--- DATASET EXCERPTS Enclosed Below ---

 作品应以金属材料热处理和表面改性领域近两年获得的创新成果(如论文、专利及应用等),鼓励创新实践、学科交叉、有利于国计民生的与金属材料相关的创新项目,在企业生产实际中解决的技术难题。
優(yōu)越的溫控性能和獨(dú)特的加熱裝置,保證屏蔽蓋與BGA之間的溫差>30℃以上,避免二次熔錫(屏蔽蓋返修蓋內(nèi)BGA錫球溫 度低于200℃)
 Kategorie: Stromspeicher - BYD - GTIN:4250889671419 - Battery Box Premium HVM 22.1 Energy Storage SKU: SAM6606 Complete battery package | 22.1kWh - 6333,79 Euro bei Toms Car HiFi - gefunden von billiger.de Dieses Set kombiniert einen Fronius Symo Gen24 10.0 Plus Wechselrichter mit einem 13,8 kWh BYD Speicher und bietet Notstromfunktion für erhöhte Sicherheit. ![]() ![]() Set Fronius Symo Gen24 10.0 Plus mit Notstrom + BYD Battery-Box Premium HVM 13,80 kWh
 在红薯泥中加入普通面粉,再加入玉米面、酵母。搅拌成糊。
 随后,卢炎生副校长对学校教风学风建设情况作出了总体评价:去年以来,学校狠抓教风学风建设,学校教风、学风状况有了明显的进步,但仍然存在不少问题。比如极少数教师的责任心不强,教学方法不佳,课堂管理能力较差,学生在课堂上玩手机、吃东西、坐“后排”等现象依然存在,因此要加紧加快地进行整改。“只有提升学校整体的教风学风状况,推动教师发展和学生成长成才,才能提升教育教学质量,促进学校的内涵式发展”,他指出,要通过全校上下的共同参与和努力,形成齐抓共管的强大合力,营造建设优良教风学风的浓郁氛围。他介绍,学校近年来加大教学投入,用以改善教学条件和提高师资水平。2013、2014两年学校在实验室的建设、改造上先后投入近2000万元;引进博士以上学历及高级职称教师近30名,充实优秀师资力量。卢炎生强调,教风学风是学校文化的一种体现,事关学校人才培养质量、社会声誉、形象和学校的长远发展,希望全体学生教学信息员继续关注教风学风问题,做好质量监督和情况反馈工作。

--- End of Enclosed DATASET EXCERPTS ---

# [REQUIREMENT]
Return, please, the lines of the data from the first through the line containing "在红薯泥中加入普通面粉,再加入玉米面、酵母。搅拌成糊。", both kept, exactly as they stand and nothing more.

# [TASK RESULT]
 作品应以金属材料热处理和表面改性领域近两年获得的创新成果(如论文、专利及应用等),鼓励创新实践、学科交叉、有利于国计民生的与金属材料相关的创新项目,在企业生产实际中解决的技术难题。
優(yōu)越的溫控性能和獨(dú)特的加熱裝置,保證屏蔽蓋與BGA之間的溫差>30℃以上,避免二次熔錫(屏蔽蓋返修蓋內(nèi)BGA錫球溫 度低于200℃)
 Kategorie: Stromspeicher - BYD - GTIN:4250889671419 - Battery Box Premium HVM 22.1 Energy Storage SKU: SAM6606 Complete battery package | 22.1kWh - 6333,79 Euro bei Toms Car HiFi - gefunden von billiger.de Dieses Set kombiniert einen Fronius Symo Gen24 10.0 Plus Wechselrichter mit einem 13,8 kWh BYD Speicher und bietet Notstromfunktion für erhöhte Sicherheit. ![]() ![]() Set Fronius Symo Gen24 10.0 Plus mit Notstrom + BYD Battery-Box Premium HVM 13,80 kWh
 在红薯泥中加入普通面粉,再加入玉米面、酵母。搅拌成糊。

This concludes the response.